_Problem requirements_: Your job with the data below: print everything from the line that holds "Эрчим хүчний чадлын" down to the line that holds "当前位置: 91家纺网 >", ends included, exactly, and nothing else.

_Working data_:
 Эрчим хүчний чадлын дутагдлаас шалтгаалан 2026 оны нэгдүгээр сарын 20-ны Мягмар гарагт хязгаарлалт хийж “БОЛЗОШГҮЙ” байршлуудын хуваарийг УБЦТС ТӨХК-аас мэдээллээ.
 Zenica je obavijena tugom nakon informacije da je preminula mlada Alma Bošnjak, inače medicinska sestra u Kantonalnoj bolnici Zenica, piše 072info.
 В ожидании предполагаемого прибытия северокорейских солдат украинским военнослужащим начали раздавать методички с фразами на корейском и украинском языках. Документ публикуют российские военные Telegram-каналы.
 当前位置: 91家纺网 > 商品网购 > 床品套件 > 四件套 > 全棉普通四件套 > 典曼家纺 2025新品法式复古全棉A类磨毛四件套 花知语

* * *

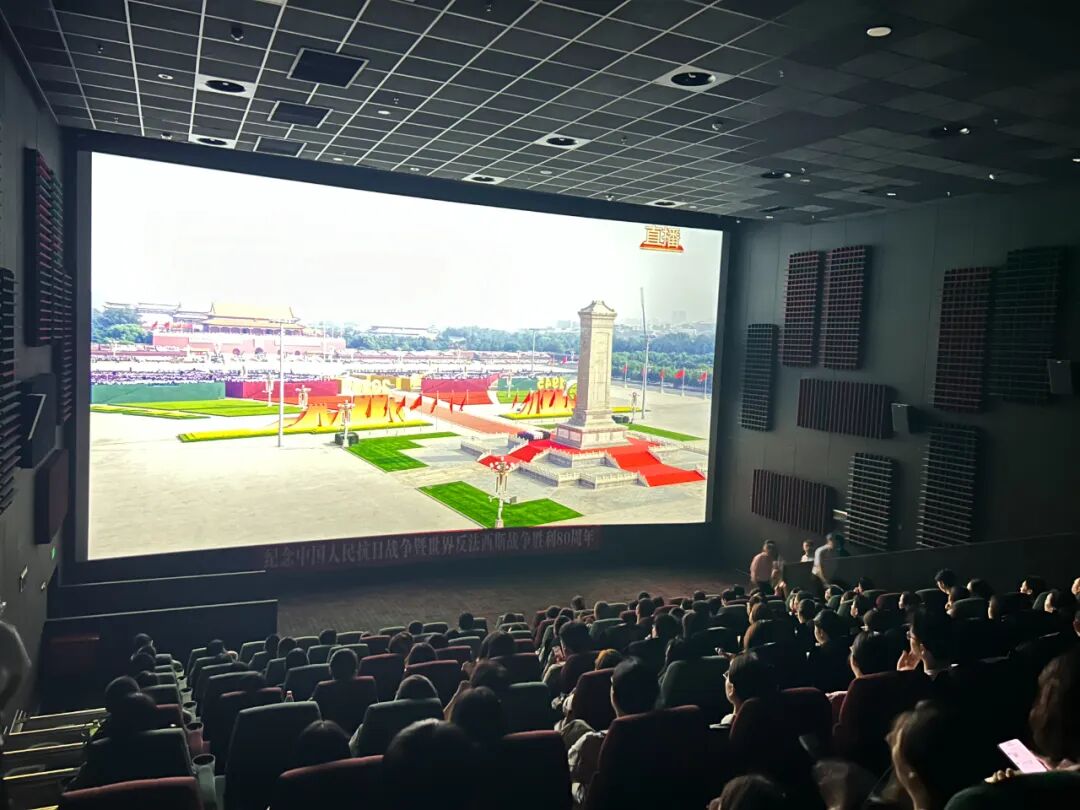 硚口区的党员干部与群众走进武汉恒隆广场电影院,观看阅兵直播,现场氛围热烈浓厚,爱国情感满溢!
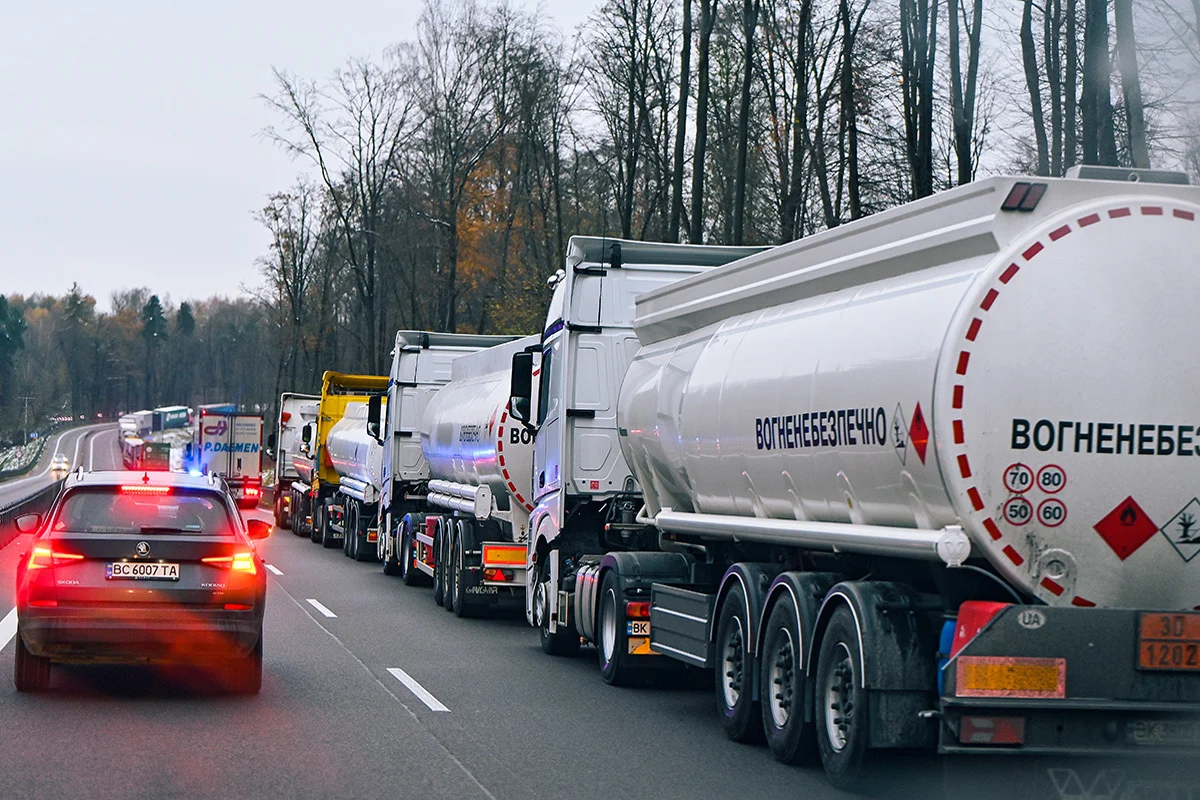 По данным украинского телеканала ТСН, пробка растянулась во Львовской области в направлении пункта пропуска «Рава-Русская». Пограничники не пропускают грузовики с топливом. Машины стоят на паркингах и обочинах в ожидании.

_Answer section_:
 Эрчим хүчний чадлын дутагдлаас шалтгаалан 2026 оны нэгдүгээр сарын 20-ны Мягмар гарагт хязгаарлалт хийж “БОЛЗОШГҮЙ” байршлуудын хуваарийг УБЦТС ТӨХК-аас мэдээллээ.
 Zenica je obavijena tugom nakon informacije da je preminula mlada Alma Bošnjak, inače medicinska sestra u Kantonalnoj bolnici Zenica, piše 072info.
 В ожидании предполагаемого прибытия северокорейских солдат украинским военнослужащим начали раздавать методички с фразами на корейском и украинском языках. Документ публикуют российские военные Telegram-каналы.
 当前位置: 91家纺网 > 商品网购 > 床品套件 > 四件套 > 全棉普通四件套 > 典曼家纺 2025新品法式复古全棉A类磨毛四件套 花知语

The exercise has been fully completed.